--- Supplied information ---
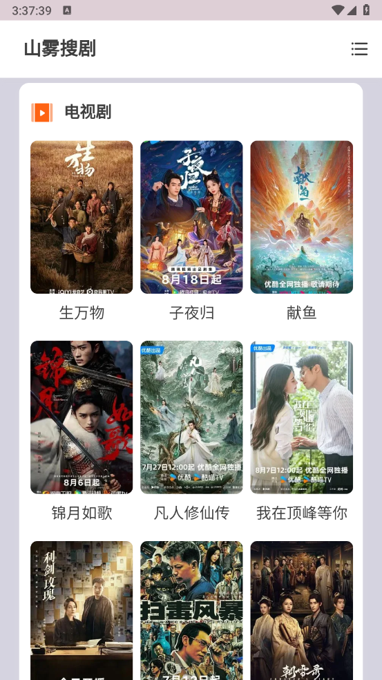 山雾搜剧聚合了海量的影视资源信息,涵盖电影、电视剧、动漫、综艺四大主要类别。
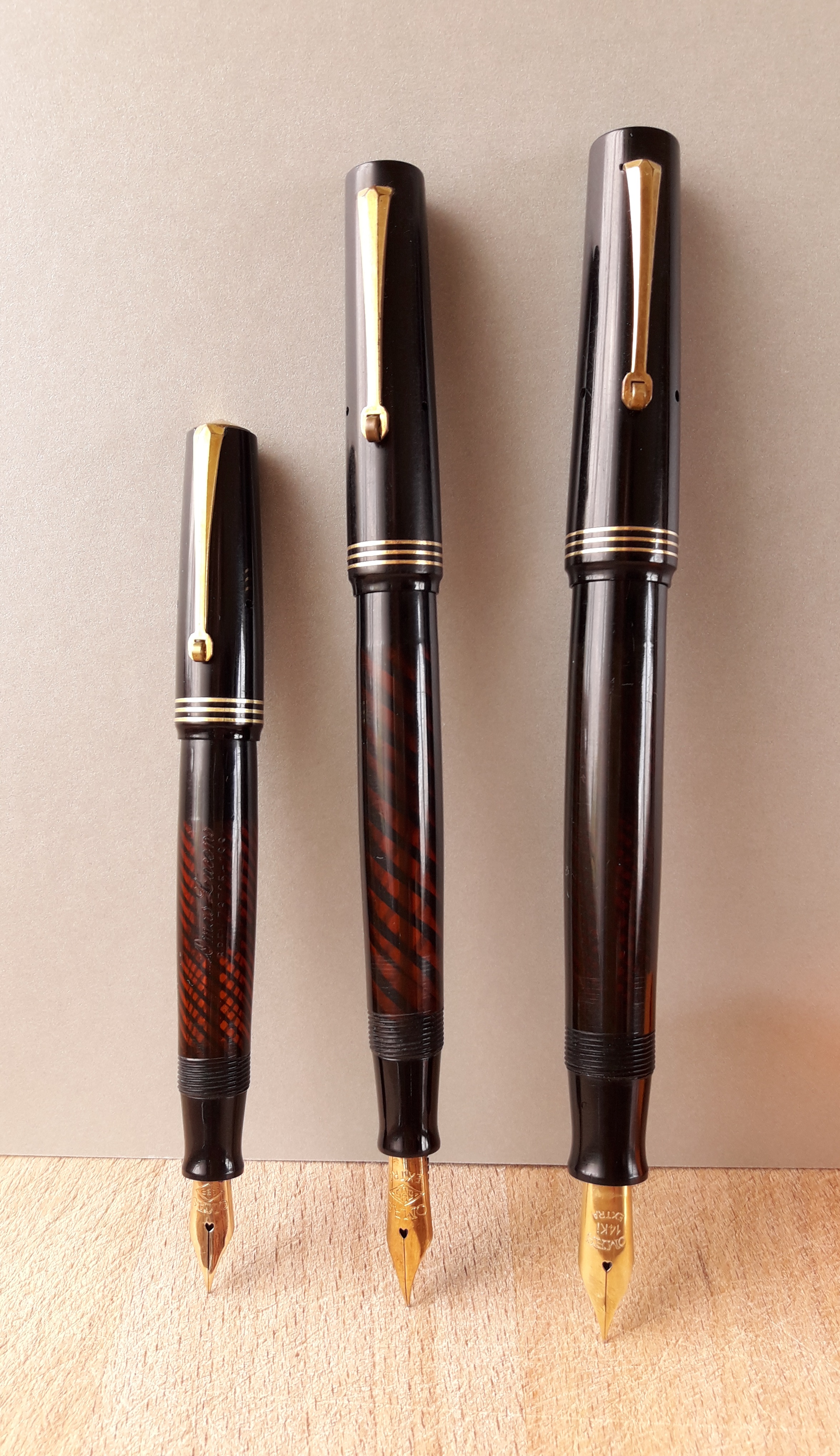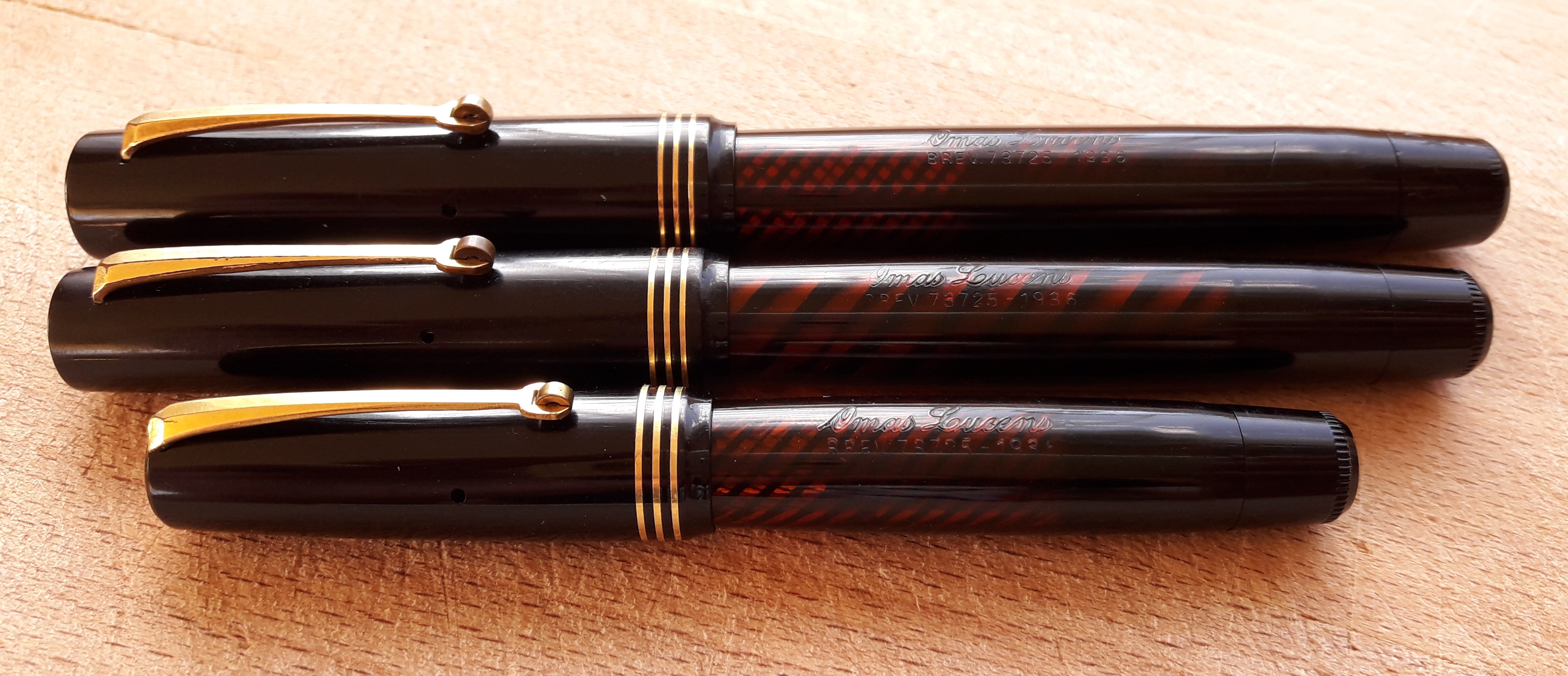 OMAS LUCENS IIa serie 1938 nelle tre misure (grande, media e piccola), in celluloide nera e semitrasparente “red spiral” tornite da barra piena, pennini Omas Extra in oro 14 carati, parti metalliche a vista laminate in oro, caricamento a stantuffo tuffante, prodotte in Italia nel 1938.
---
--- Supplied information ---
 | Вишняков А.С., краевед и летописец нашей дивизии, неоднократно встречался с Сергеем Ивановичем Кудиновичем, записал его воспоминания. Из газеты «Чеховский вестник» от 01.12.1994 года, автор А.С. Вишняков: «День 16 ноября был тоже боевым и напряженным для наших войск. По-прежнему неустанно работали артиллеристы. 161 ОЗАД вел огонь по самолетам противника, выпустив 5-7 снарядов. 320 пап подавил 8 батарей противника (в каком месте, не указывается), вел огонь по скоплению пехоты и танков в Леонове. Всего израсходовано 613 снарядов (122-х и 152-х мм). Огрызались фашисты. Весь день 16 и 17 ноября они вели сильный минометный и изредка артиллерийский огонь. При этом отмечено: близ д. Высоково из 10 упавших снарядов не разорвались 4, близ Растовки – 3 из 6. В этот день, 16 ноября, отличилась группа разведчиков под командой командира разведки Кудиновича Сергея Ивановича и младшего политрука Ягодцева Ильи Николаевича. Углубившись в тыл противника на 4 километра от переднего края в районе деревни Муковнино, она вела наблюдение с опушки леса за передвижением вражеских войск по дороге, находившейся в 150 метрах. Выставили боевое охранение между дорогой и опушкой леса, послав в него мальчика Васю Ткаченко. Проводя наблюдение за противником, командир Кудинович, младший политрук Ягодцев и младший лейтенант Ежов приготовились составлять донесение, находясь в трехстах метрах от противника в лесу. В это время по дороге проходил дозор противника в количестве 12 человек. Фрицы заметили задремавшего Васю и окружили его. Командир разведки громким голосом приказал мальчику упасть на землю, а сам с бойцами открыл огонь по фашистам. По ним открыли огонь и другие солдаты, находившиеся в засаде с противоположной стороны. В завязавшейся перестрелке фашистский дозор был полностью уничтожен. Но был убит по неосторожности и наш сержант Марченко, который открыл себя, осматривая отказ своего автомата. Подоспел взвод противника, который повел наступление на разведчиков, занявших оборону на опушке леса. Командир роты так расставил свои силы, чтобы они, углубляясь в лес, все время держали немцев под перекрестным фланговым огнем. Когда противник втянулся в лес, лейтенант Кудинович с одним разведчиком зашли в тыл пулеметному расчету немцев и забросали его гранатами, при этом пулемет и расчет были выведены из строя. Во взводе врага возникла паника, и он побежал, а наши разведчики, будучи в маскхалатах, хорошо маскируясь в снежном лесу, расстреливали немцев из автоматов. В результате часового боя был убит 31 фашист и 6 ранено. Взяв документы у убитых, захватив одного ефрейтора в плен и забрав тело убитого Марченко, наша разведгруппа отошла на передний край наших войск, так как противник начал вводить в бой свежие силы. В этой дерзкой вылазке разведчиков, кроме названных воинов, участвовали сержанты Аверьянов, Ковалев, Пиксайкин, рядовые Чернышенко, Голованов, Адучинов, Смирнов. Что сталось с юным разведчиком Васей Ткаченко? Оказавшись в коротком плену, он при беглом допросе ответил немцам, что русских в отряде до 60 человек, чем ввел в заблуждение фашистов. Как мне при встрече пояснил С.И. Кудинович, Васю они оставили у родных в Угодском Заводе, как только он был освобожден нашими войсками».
---
## What is needed
What lines above run from the one with "山雾搜剧聚合了海量的影视资源信息,涵盖电影、电视剧、动漫、综艺四大主要类别。" to the one with "OMAS LUCENS IIa"? Give them again exactly, ends included, and leave the pictures out.

## Exercise output
 山雾搜剧聚合了海量的影视资源信息,涵盖电影、电视剧、动漫、综艺四大主要类别。
 OMAS LUCENS IIa serie 1938 nelle tre misure (grande, media e piccola), in celluloide nera e semitrasparente “red spiral” tornite da barra piena, pennini Omas Extra in oro 14 carati, parti metalliche a vista laminate in oro, caricamento a stantuffo tuffante, prodotte in Italia nel 1938.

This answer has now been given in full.